Погребение Миколая состоялось через три дня после его смерти. На похороны его съехалось довольно много соседей, пожелавших почтить память старика, который снискал всеобщее уважение и любовь, хотя был просто слугой. Схоронили старца в нашем фамильном склепе, а гроб его поставили подле гроба деда моего, полковника. В течение всей церемонии погребения я ни на минуту не покидал Ганю. Она со мной приехала в санках, и я хотел, чтобы она со мной же вернулась, но ксендз Людвик велел мне подойти к соседям и пригласить их с кладбища наехать к нам —  погреться и закусить. Тем временем с Ганей остался товарищ мой и друг Мирза-Давидович, сын жившего по соседству помещика Мирзы-Давидовича, татарина и магометанина, предки которого поселились у нас в незапамятные времена и давным-давно получили здешнее гражданство и шляхетское звание. Мне пришлось сесть с Устжицкими, а Ганя с мадам д'Ив и молодым Давидовичем поехала в других санях. Я видел, как этот славный малый укутал ее собственной шубой, потом взял у кучера вожжи, крикнув, погнал лошадей, и они помчались, как вихрь. Вернувшись домой, Ганя ушла в горенку деда плакать, а я не мог поспешить за ней, так как вынужден был вместе с ксендзом Людвиком принимать гостей.

Наконец все разъехались, кроме Мирзы-Давидовича; он тоже учился в седьмом классе и должен был у нас остаться до конца рождества, чтобы вместе со мной готовиться к экзамену на аттестат зрелости, но так же, как и я, собирался немного заниматься, а больше ездить верхом, стрелять из пистолетов в цель, фехтовать и охотиться —  занятия, которые мы оба заметно предпочитали переводам «Анналов» Тацита и Ксенофонтовой «Киропедии». Мирза был веселый малый, сорванец и озорник, вспыльчивый, как искра, но в высшей степени симпатичный. В доме у нас все его очень любили, кроме отца моего, которого сердило, что молодой татарин стрелял и фехтовал лучше меня. Зато мадам д'Ив души в нем не чаяла, потому что по-французски он говорил, как парижанин, и, не закрывая рта, болтал, острил и развлекал француженку лучше нас всех.

Ксендз Людвик со своей стороны питал некоторые надежды на то, что обратит его в католическую веру, тем более что Мирза нередко подшучивал над Магометом и, вероятно, с охотой отрекся бы от Корана, если б не боялся отца, который из уважения к семейным традициям стойко придерживался магометанства, твердя, что ему, как старому шляхтичу, более пристало быть старым магометанином, нежели вновь обращенным католиком.
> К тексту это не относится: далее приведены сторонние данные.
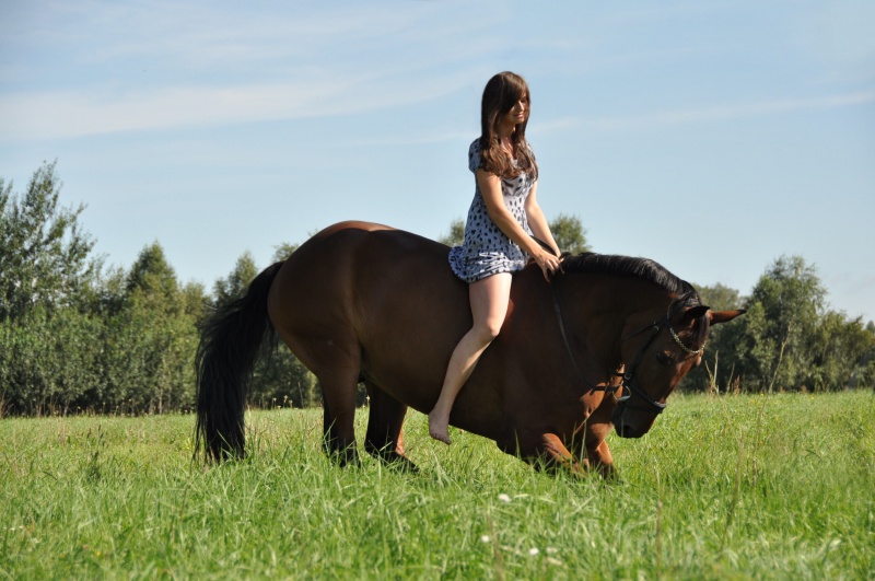 Stawanie dęba jest może i widowiskowe ale w "naszym" przypadku zbyt ryzykowne. Strzelam z siodła z rewolwerów (Cowboy Mounted Shooting) i wyrwanie do góry w trakcie treningu było by niebezpieczne dla mnie, konia jak i osób postronnych. Skórka za wyprawkę nie warta.

Впрочем, ни в чем ином симпатии старого Давидовича к татарам и туркам не проявлялись. Предки его поселились здесь чуть ли не во времена Витольда. То был также очень зажиточный шляхетский род, издавна осевший в своем гнезде. Поместье, принадлежавшее им, было пожаловано еще Яном Собеским полковнику пятигорской легкой конницы Мирзе-Давидовичу, который творил чудеса храбрости под Веной и портрет которого еще поныне висел в Хожелях. Помню, портрет этот произвел на меня странное впечатление. Полковник Мирза был страшный человек; лицо его, исполосованное бог весть чьими саблями, казалось исчерченным таинственными письменами Корана. У него была смуглая кожа и широкие скулы, а раскосые, мрачно горевшие глаза его обладали удивительным свойством: они всегда смотрели на вас с портрета, где бы вы ни стояли: прямо перед ним или в стороне. Но товарищ мой Селим ничем не походил на своих предков.
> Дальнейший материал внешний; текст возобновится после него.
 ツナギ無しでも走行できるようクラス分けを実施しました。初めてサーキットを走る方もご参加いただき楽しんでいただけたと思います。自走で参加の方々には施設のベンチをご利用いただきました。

Мать его, на которой старик Давидович женился в Крыму, была не татаркой, а уроженкой Кавказа. Я ее не знал, но говорили, что была она красавица из красавиц и что Селим похож на нее как две капли воды.

 

III

На второй или на третий день после похорон приехал вызванный депешей отец. Я трепетал при мысли, что он отменит мои распоряжения относительно Гани, и до известной степени мои предчувствия сбылись. Отец похвалил и обнял меня за рвение и добросовестность в исполнении возложенных на меня обязанностей; это, видимо, его порадовало. Он даже несколько раз повторил: «Наша кровь!»— что говорил лишь тогда, когда бывал очень мною доволен; ему и в голову не приходило, насколько это рвение было корыстным, но распоряжения мои ему не слишком понравились. Возможно, что отчасти причиной тому были преувеличенные рассказы мадам д'Ив, хотя действительно в последние дни после той ночи, когда чувства мои наконец дошли до сознания, я сделал Ганю первым лицом в доме. Не понравился ему также проект дать ей такое же образование, какое должны были получить мои сестры.

— Я ничего не отвергаю и не отменяю. Это дело твоей матери,—  сказал он мне. —  Она решит, как захочет. Это по ее части. Но следовало бы подумать, как будет лучше для самой девушки.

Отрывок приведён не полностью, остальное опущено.